Kirsten Kelly, a 25-year-old tasting manager at the Alpha Omega Collective, two doors down from a key lecture hall, was equally flummoxed. “I don’t know what Edge Esmeralda is,” she said; there’d been no bump in sales. 

This was not surprising, perhaps, as the vast majority of the Don’t Die crowd abstain from grain and grape. But it does make Wine Country a strange destination for a longevity-minded social gathering. Ariel Kelley, a Healdsburg City Council member, disagreed with that characterization: “There’s a huge trend of non-alcoholic wine being served,” she said, adding that the town’s also ideal for R&R. 

Biohacker and builders party inside the Jendala Art Studio in Healdsburg.
Biohacker and builders party inside the Jendala Art Studio in Healdsburg. | Source: Courtesy Telamon Ardavanis

Some Esmeraldans have attempted to frequent local businesses…in their own way. One group rang 39 local restaurants, quizzed them about their ingredients, sourcing and seasoning, and compiled the results into a color-coded chart, which was distributed on Telegram. They asked venues to stock up on Zero Acre’s fermented sugarcane oil.

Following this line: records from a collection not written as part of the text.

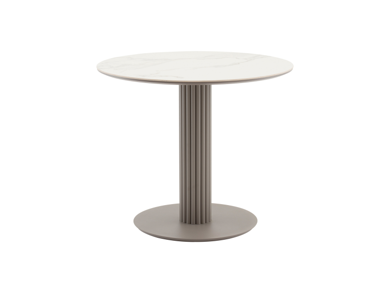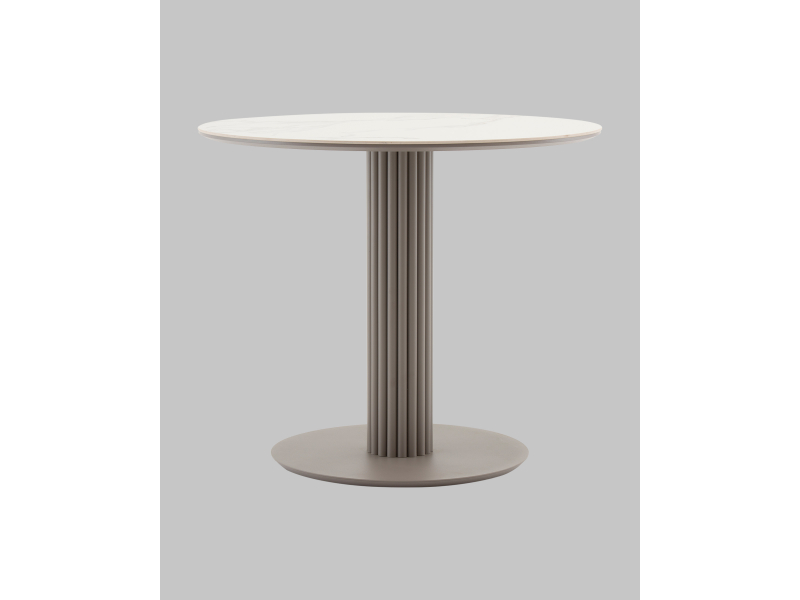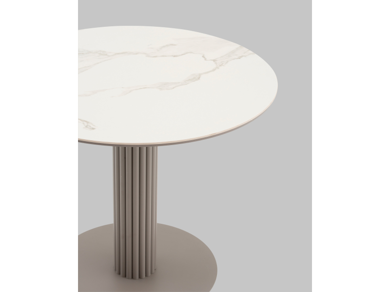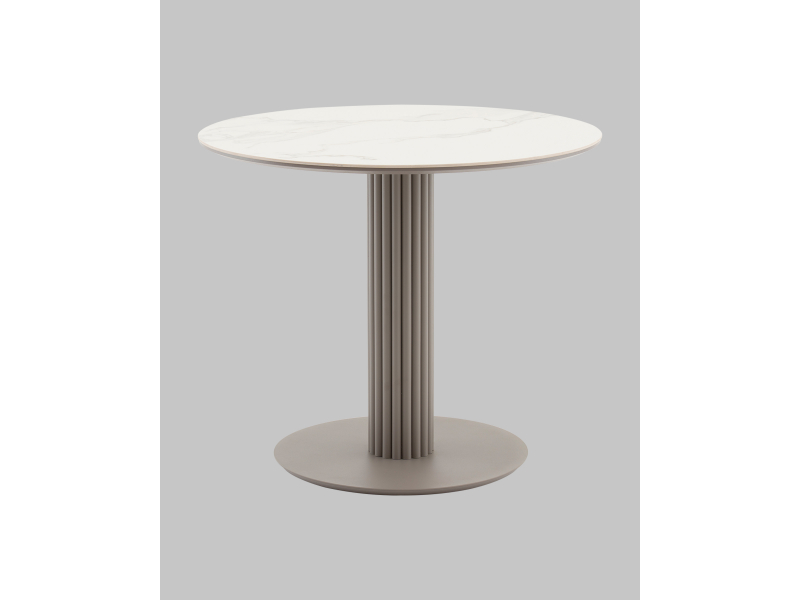 Стол круглый Терралино D90 верх керамика белый матовый, основание металл латте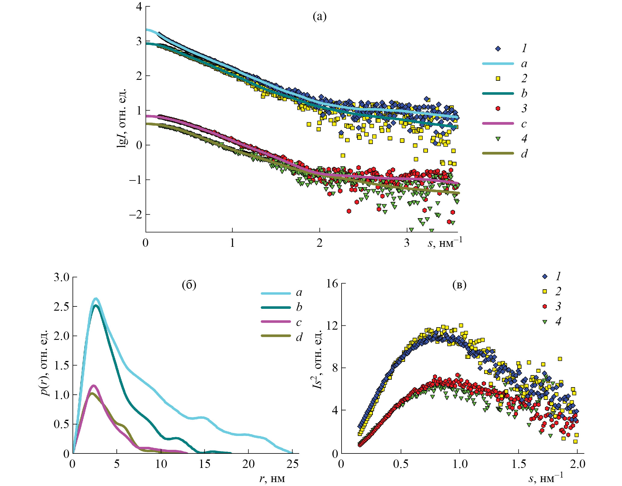 Рис. 1. Анализ кривых МУРР от белка IHF: а – экспериментальные кривые малоуглового рассеяния от IHF: 1 – концентрация 10 мг/мл в буфере I, 2 – концентрация 4.8 мг/мл в буфере I, 3 – концентрация 10 мг/мл в буфере II, 4 – концентрация 4.8 мг/мл в буфере II; a, b, c, d – соответствующие кривые, рассчитанные от функции распределения расстояниям (цветовая гамма соответствует парным функциям). Кривые разнесены попарно по вертикали для лучшей визуализации; б – функции распределения по расстояниям p(r): a, b, c, d соответствуют концентрациям 1, 2, 3, 4 соответственно на панели a; в – графики в координатах Кратки: 1, 2, 3, 4 соответствуют концентрациям панели а
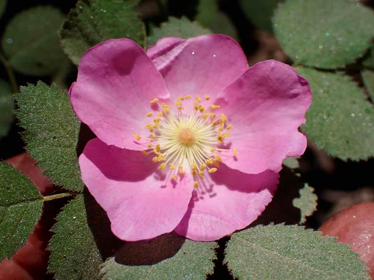 Deciduous shrubs with thorned stems, pinnate leaves, and fragrant flowers ranging in color from white to deep red. Flowers consist of five petals in wild species and multiple petals in cultivated varieties. After flowering, roses produce an oval to round red-orange hip rich in seeds and vitamins.

Two weeks in, many attendees are still feeling the event out. One engineer confided that they regretted signing up for two weeks at the camp, due to bouts of loneliness. A founder said they’d barely attended anything as they had to perfect their codebase. Another, who dropped unusual acronyms into casual conversation, mentioning WBE (whole brain emulation), BCI (brain-computer interfaces), and DeSci (decentralized science), said they’d love to stay for the entire month, but couldn’t afford the hotels. 

A roundtable discussion following the Defeat Death debate, where brain tissue replacement believers battled cell reprogramming scientists.
A roundtable discussion following a candlelight session on life and death at Edge Esmeralda. | Source: Courtesy Mikhail Batin/ Open Longevity

On Friday night, June 14, many Esmeraldans made the 70-mile trip to San Francisco. Days before, news had dropped that Grimes, the techno DJ, longevity evangelist, and Elon Musk’s ex-girlfriend, was headlining the free, secretive Bio Acceleration rave.

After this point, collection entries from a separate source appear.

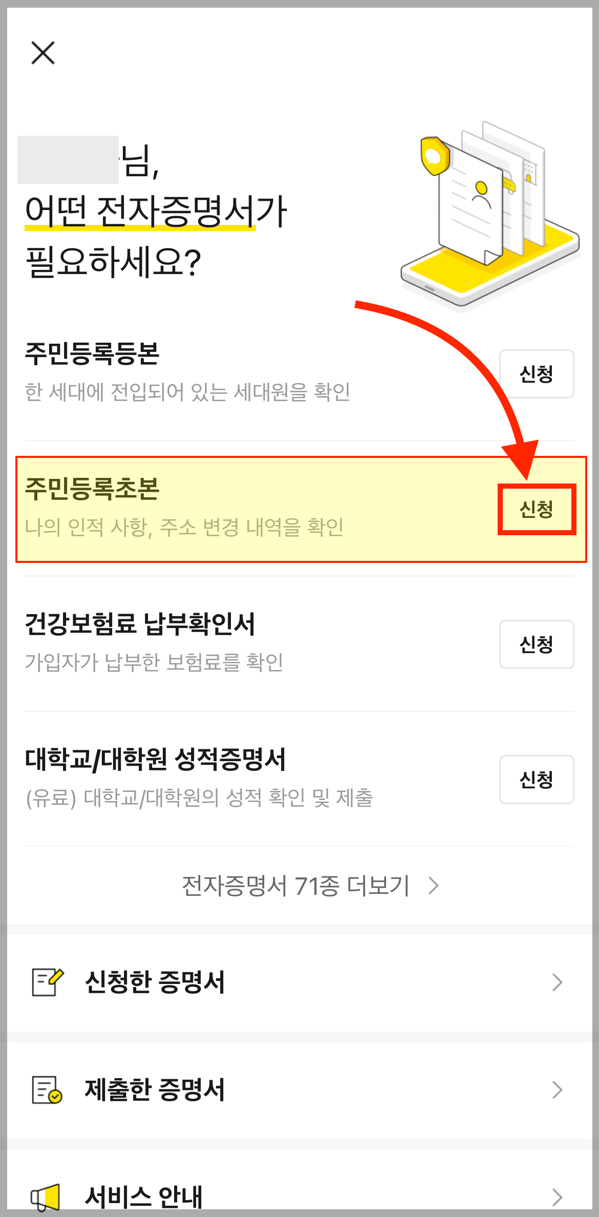 카톡 핸드폰 주민등록초본 간편 발급 방법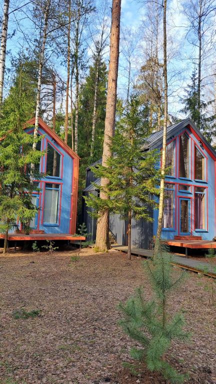 Домики двухэтажные, 55 кв. м, второй этаж — мансардный. Гостям предоставляются постельное бельё и разноцветные полотенца, по запросу детские кроватка и стульчик.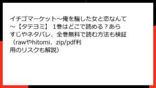 イチゴマーケット~俺を騙した女と恋なんて~【タテヨミ】 イチゴマーケット~俺を騙した女と恋なんて~【タテヨミ】 1巻はどこで読める?あらすじやネタバレ、全巻無料で読む方法も検証(rawやhitomi、zip/pdf利用のリスクも解説)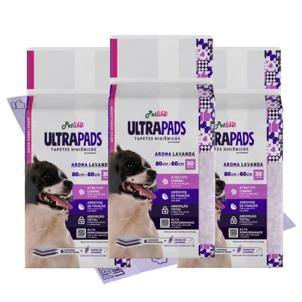 Tapete Higiênico Para Cães Ultra Pads Lavanda 80x60cm c/90un Pet Like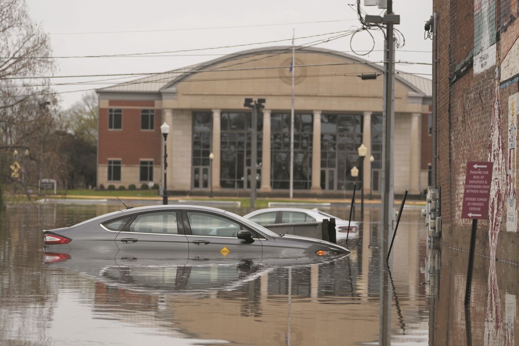 这是4月4日在美国肯塔基州霍普金斯维尔拍摄的泡水的车辆。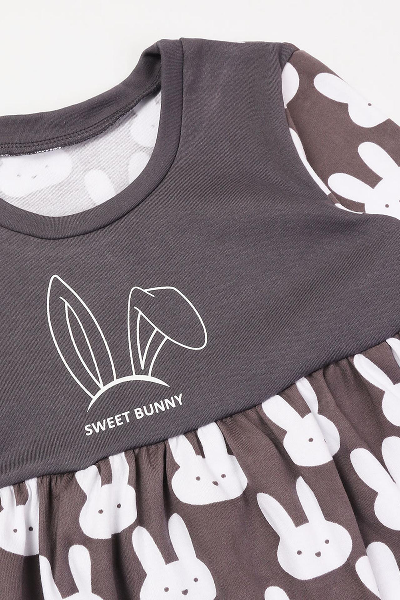 Платье для девочки от бренда КотМарКот – это идеальный выбор для создания милого и комфортного образа. Изделие выполнено в приятном сером цвете и украшено очаровательным принтом с изображением белых зайчиков, а также надписью "SWEET BUNNY" и аппликацией в виде ушек на груди. Модель с длинным рукавом и расклешенной юбкой отлично подойдет для повседневной носки и праздничных случаев.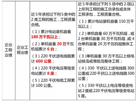 四、減少了對高級職稱人員的要求。取消了對企業經理、總會計師、總經濟師具有高級職稱的要求,強調技術負責人具有10年以上從事工程施工技術管理工作經歷,且具有電力工程相關專業高級職稱。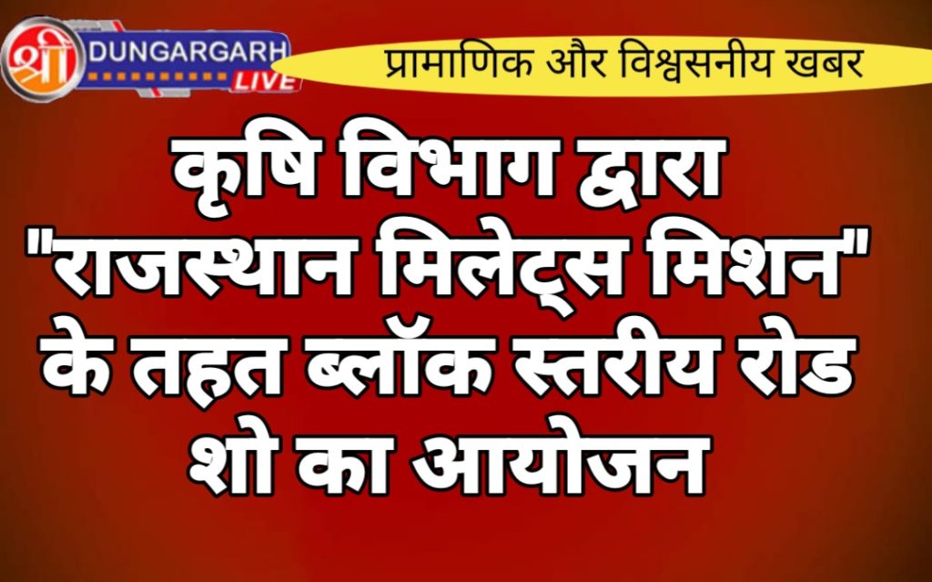 श्रीडूंगरगढ़ कृषि विभाग राजस्थान सरकार द्वारा अंतरराष्ट्रीय मिलेट्स ईयर 2023 के उपलक्ष्य में राजस्थान मिलेट्स मिशन योजनान्तर्गत श्रीडूंगरगढ़ ब्लॉक में “ब्लॉक स्तरीय रोड शो” का आयोजन किया गया। आज प्रातः कार्यालय सहायक निदेशक कृषि विस्तार से सहायक निदेशक रघुवरदयाल सुथार ने हरी झंडी दिखा कर मिलेट्स रथ को रवाना किया गया। इस अवसर उन्होंने बताया की राज्य सरकार के आदेशानुसार प्रत्येक ब्लॉक में एक दिवसीय रोड शो का आयोजन किया जा रहा है जिसमे मिलेट्स रथ गांव गांव जा कर मिलेट्स (मोटे अनाज) के प्रति जागरूकता पैदा करेगा। कृषि अधिकारी कन्हैयालाल सारस्वत ने बताया की इस वर्ष को संयुक्त राष्ट्र महासभा द्वारा अंतरराष्ट्रीय मिलेट्स वर्ष घोषित किया गया है। प्रधानमंत्री द्वारा “अन्न” का नाम देकर देश में मोटे अनाज के उत्पादन एवम प्रयोग को प्रोत्साहन देने के लिए विशेष प्रयास किए जा रहे हैं। माननीय मुख्यमंत्री एवम् कृषि मंत्री राजस्थान द्वारा इस वर्ष बजट में राजस्थान मिलेट्स मिशन की घोषणा कर राज्य में बाजरा, ज्वार, रागी सहित तमाम मोटे अनाज के क्षेत्र, उत्पादन व उत्पादकता को बढ़ावा दिया जाएगा। मिशन के अंतर्गत किसानों एवम उद्यमियों द्वारा मोटे अनाज के प्रसंस्करण के लिए यूनिट स्थापना के लिए लागत का 50 प्रतिशत या 50 लाख रुपए तक का अनुदान उपलब्ध करवाया जा रहा है। श्री सारस्वत ने बताया की इस एक दिवसीय रोड शो के दौरान ब्लॉक के लगभग 25-30 गांवों को कवर किया जा रहा है। मिलेट्स रथ पर मोटे अनाज से संबंधित बैनर लगे हुए है तथा माइक से मिलेट्स गीत, स्लोगन तथा योजनाओं की जानकारी दी जा रही है।इस दौरान कृषि अधिकारी सुरेंद्र मारू, सहायक कृषि अधिकारी हितेश जांगिड़, कृषि पर्यवेक्षक, जनप्रतिनिधियों सहित बड़ी संख्या में किसान उपस्थित थे।

“Join us for a night of healing frequencies, hi energy, elixirs & drip,” an itinerary beckoned. Sponsors included Intercom CEO Eoghan McCabe (“This is gonna be epic!” he tweeted), VitaDAO, Extropic, Farbood Nivi, and Bonbuz, a drinks startup that delivers a “natural buzz, without the booze.” The attendees returned to Healdsburg feeling chastened. Grimes never showed, nor offered any explanation for her absence.

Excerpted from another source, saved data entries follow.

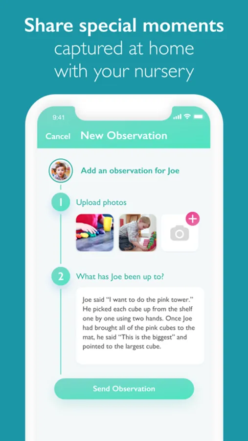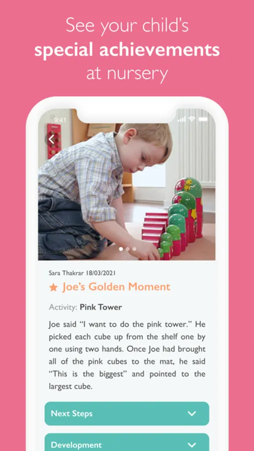 Blossom connects parents with their children and the nurseries which look after them. Engage in your child’s day with a real-time diary feed, displaying everything from sleep to activities, snacks to nappy changes. Share your child’s developmental moments from home directly with the nursery, creating stronger communication and supporting your child in their early years.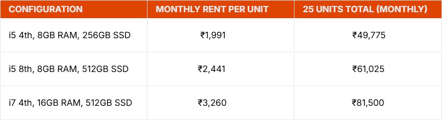 Yearly Rental Estimate for i5 laptops: ₹40,000 x 12 = ₹4,80,000 which is less than half of what you’d pay to purchase.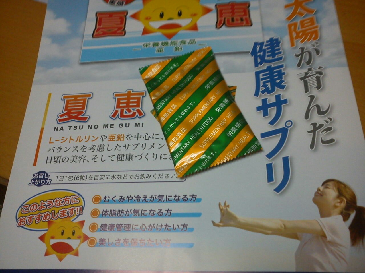 【夏恵】を お試しさせていただきました。 もともと冷え性で低血圧。 寒い冬は、とても辛い毎日です。 なので【夏恵】! お試しするのが楽しみでワクワクしながらの5日間でした。 1日6粒。癖のない香り・・飲みやすい大きさ・・。 5日間、飲み続けて・・。 朝起きが楽?雪の日には、頭痛がするのに大丈夫? 効いたかなって思いました。 冷え性、低血圧の他にも美肌効果、骨粗しょう症などなど 嬉しい効能ばかり! 【Lーシトルリン】 ぜひ続けたいと思ったサプリでした。 同じように、...
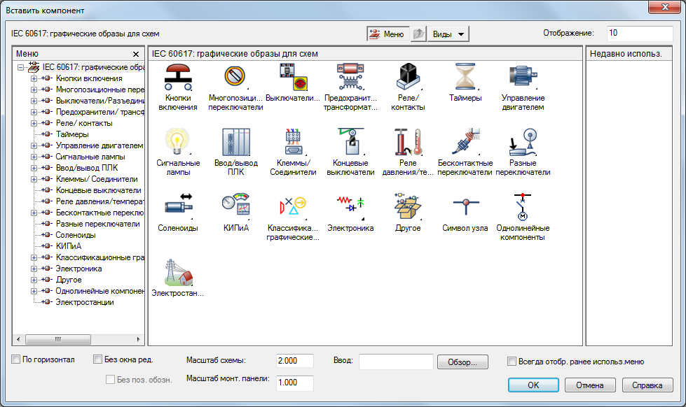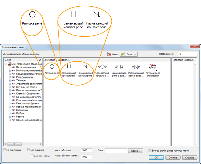 С помощью графического меню можно вставить образ, выбрав его тип, например кнопку включения "ЗАМЫКАЮЩИЙ" или 3-позиционный переключатель. Затем к вставленному графическому образу можно добавить аннотацию, содержащую описания, информацию из каталога и т. д.

Then the sky took on an unhealthy yellow tinge and the air turned truly toxic. Ten miles northwest of Healdsburg, the Point Fire erupted, raging across 1,200 acres. A number of guests, especially those with small children, exited Esmeralda.

Zuegel and the other organizers scrambled to get information from the authorities. They prepared to adapt the scheduled events in real-time, and primed their shuttle buses for potential evacuation.

On Monday they sent out an email blast: all was well. “There is no serious concern that the fire will impact downtown Healdsburg…because there is an extensive barrier of vineyards, the highway, and lots of breaks made by firefighters.”

All the same, Esmeraldans were invited to attend an off-site to the off-site, held at a private campground in Mendocino. “Join us among the redwoods for a weekend of nature activities, talks, music, dancing and quality time spent with the community.”